Reproduce only what runs from the line containing "河北软件职业技术学院2023年天津市高职分类考试招收普通高中毕业生招生章程" to the line containing "Specification: TEFCOL Retractable" in the records below, inclusive. Keep it exact, and keep the pictures out.

*Information supplied*
=-=-=-=-=

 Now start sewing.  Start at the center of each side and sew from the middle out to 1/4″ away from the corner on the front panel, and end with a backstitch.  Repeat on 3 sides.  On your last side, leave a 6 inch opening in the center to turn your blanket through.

=-=-=-=-=

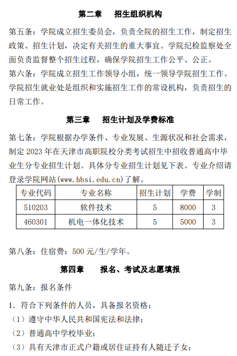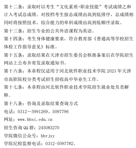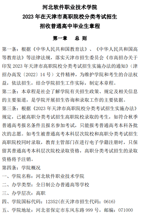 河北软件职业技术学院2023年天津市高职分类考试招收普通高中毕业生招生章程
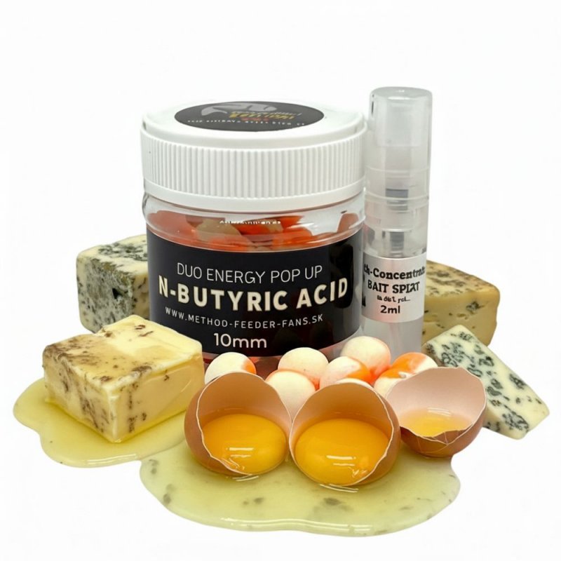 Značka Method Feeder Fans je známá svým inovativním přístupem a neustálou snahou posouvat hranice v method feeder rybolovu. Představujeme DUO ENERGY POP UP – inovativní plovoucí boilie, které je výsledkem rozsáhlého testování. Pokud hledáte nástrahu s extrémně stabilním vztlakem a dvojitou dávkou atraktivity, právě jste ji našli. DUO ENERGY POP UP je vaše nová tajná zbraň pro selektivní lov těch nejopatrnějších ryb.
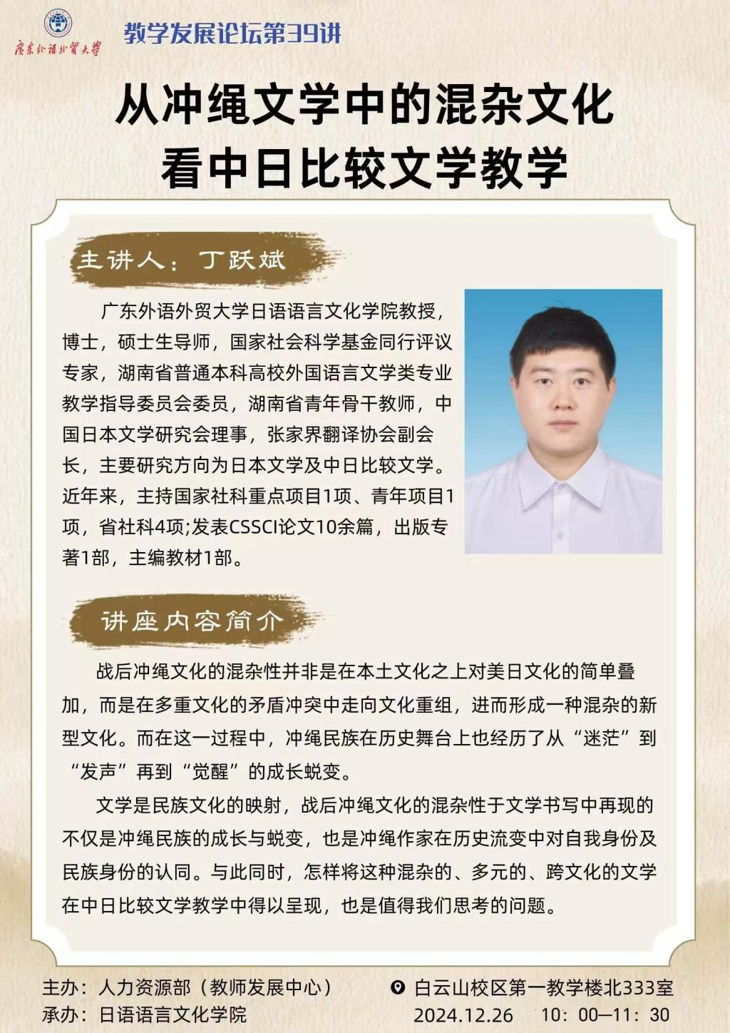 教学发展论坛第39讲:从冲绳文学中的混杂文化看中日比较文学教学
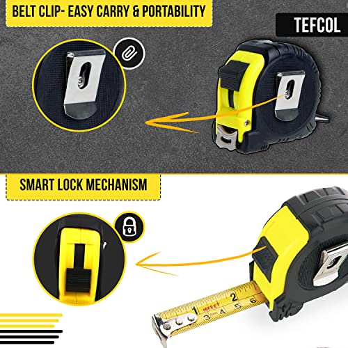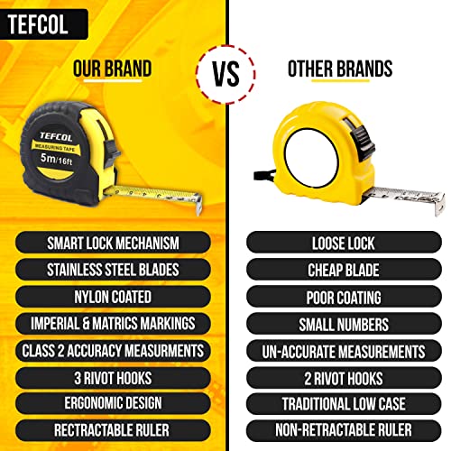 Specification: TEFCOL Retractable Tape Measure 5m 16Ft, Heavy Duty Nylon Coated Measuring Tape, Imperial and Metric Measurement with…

=-=-=-=-=

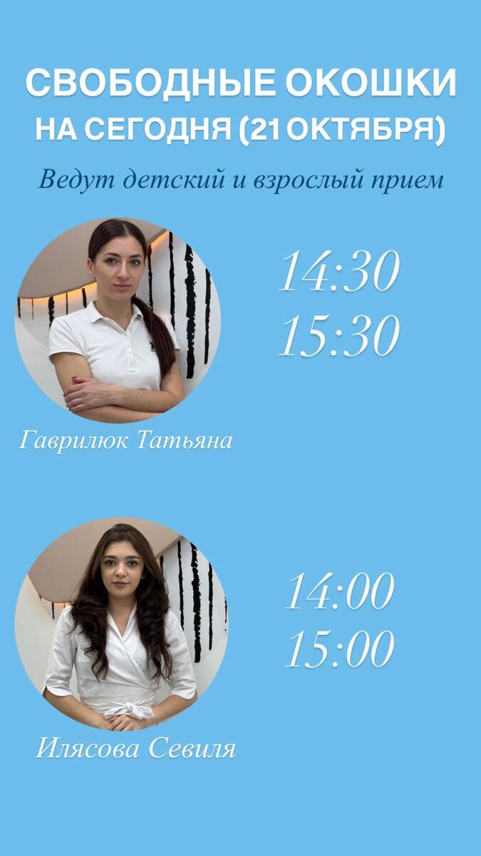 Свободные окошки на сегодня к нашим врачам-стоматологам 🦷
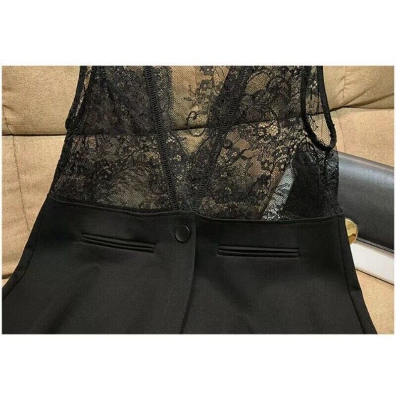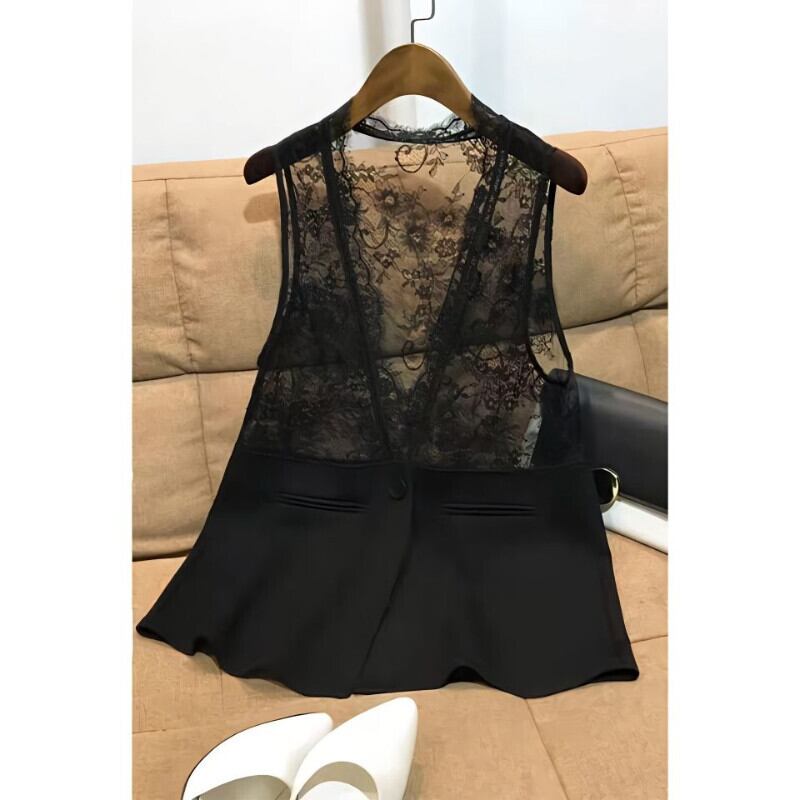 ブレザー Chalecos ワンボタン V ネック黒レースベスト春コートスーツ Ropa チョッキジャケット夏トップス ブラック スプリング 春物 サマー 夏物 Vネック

=-=-=-=-=

*Output below*
 河北软件职业技术学院2023年天津市高职分类考试招收普通高中毕业生招生章程
 Značka Method Feeder Fans je známá svým inovativním přístupem a neustálou snahou posouvat hranice v method feeder rybolovu. Představujeme DUO ENERGY POP UP – inovativní plovoucí boilie, které je výsledkem rozsáhlého testování. Pokud hledáte nástrahu s extrémně stabilním vztlakem a dvojitou dávkou atraktivity, právě jste ji našli. DUO ENERGY POP UP je vaše nová tajná zbraň pro selektivní lov těch nejopatrnějších ryb.
 教学发展论坛第39讲:从冲绳文学中的混杂文化看中日比较文学教学
 Specification: TEFCOL Retractable Tape Measure 5m 16Ft, Heavy Duty Nylon Coated Measuring Tape, Imperial and Metric Measurement with…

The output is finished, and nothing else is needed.